### Supplied data

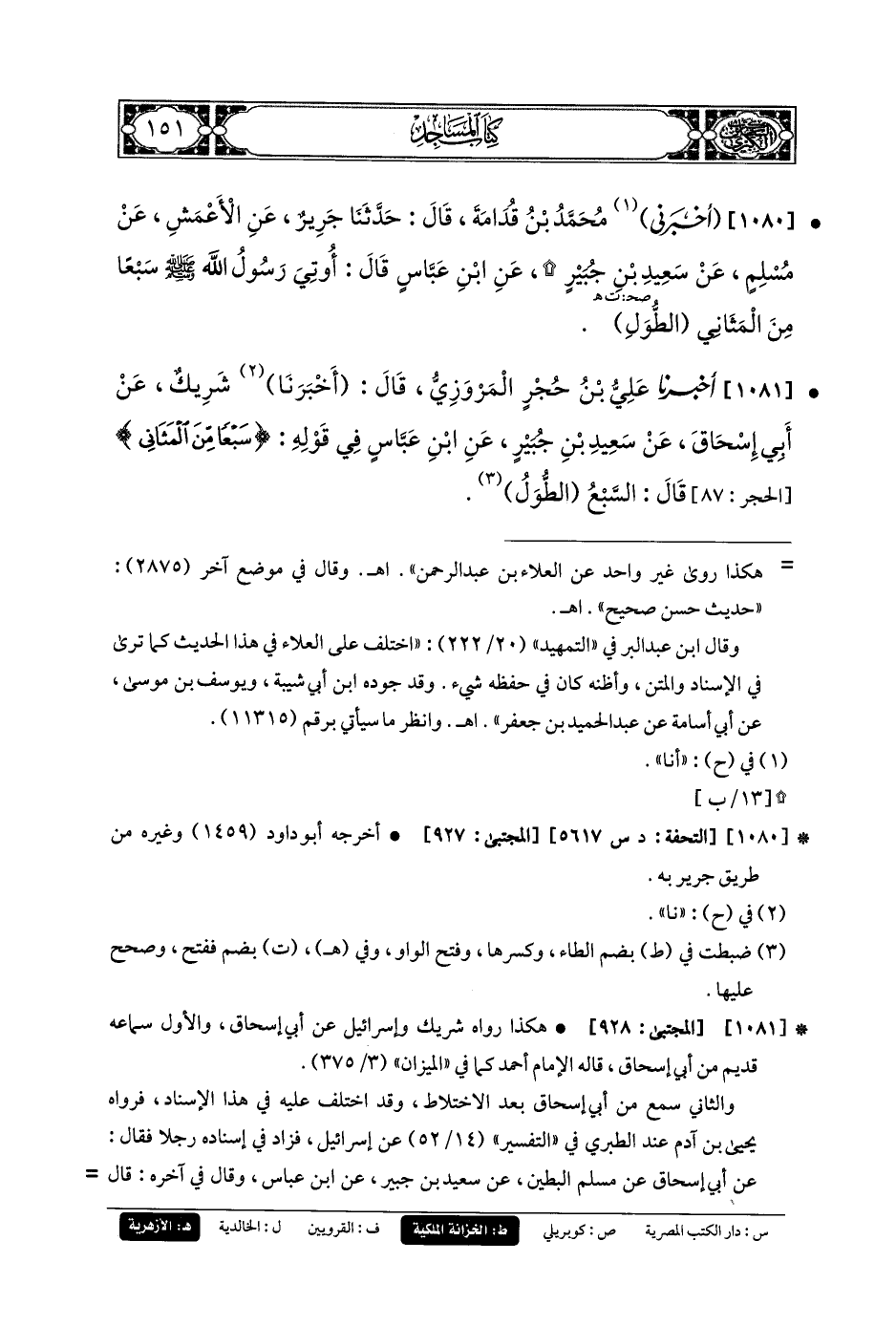 1081- أَخبَرنا عَليُّ بنُ حُجْرٍ المَرْوَزِيُّ، قَالَ: أَخبَرنا شَرِيكٌ، عَن أَبي إِسحَاقَ، عَن سَعِيدِ بنِ جُبَيرٍ، عَنِ ابنِ عَبَّاسٍ، فِي قَوْلِهِ: {سَبْعًا مِنَ المَثَانِي}، قَالَ: السَّبْعُ الطُّوَلُ.
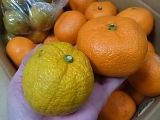 ・ゆず、ダイダイ、かぼす、すだち等の仲間の柑橘、果汁が多く酸味が強く、さわやかな風味の果実。
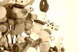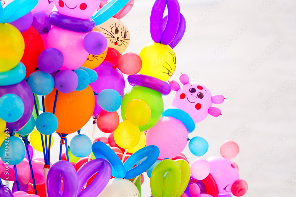 Beautiful colored balloons on white background. Multicolored surprise childhood background.
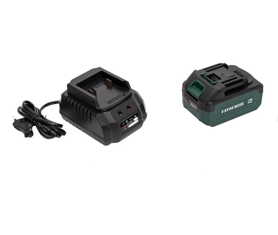 Мощность 21 Вт, мощность 4 л.с., аккумулятор 4 Ач и зарядное устройство в комплекте,
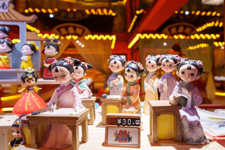 古色古香的集市攤位擺放著有趣的古風小物件。

######

* **Activity**:
Leaving the pictures aside, transcribe exactly the lines from the one containing "Beautiful colored balloons" to the final line of the entries above, both ends included.

* **Solution to this task**:
 Beautiful colored balloons on white background. Multicolored surprise childhood background.
 Мощность 21 Вт, мощность 4 л.с., аккумулятор 4 Ач и зарядное устройство в комплекте,
 古色古香的集市攤位擺放著有趣的古風小物件。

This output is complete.